Blockchain for Business Series: Decentralized Finance—DeFi-ing Conventional Business Models
Image Source: Binance

Blockchain for Business Series: Decentralized Finance—DeFi-ing Conventional Business Models

Decentralized finance (DeFi) is the movement in the blockchain applications space that leverages decentralized network technology to disrupt and force a transformation of old financial products into trustless and transparent protocols that facilitate digital value creation and dissemination with fewer or no intermediaries. It is widely understood and accepted that blockchain technology lays the foundation for a trusted digital transactional network that, as a disintermediated platform, fuels the growth of marketplaces and secondary markets due to new synergies and co-creation via new digital interactions and value-exchange mechanisms. While blockchain itself provides the technology constructs to facilitate exchange, ownership, and trust in the network, it is in the digitization of value elements where asset tokenization is essential.

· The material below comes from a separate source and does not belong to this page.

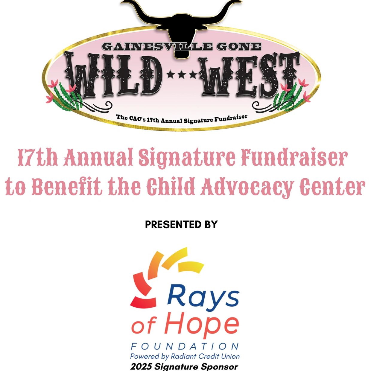 Get your country glam attire ready! Our 17th Annual Signature Fundraiser, Gainesville Gone Wild...West will take place this year on Thursday, October 23, 2025 from 6:00pm to 9:30pm at the beautiful Santa Fe River Ranch, doors open at 5:30pm. We are looking forward to a fun night filled with fringe and lace, a sit-down dinner, drinks, live music, live and silent auction, and the debut of our newest CAC video! We hope you'll join us to support the important services that take place at the Child Advocacy Center every day and to reflect on the impact made, not just the past year...but over the past 25 years! This year is a special year as we celebrate President & CEO Sherry Kitchens' 20th Anniversary with the CAC!

           Although the traditional finance market, instruments, exchanges, and overall governance are centralized, they also are fragmented and laden with inefficiencies because the coordination of the linked business processes and movement of value are divided among a variety of intermediaries. This traditional ecosystem continues to add additional intermediaries or trusted third parties every time it encounters an anomaly that either results in a sizable fraudulent event or loss of value at scale, or a regulatory event due to the anomaly. So, while the regulatory landscape transforms as it attempts to plug every anomaly and ensure the systemic integrity of the financial system, it also creates complexity in the system and paves the way for additional anomalies and inefficiencies. DeFi aims not only to simplify the complex financial ecosystem but also to reduce barriers by lowering costs, increasing transparency, reducing the number of intermediaries, and overall democratizing the creation and consumption of the financial system.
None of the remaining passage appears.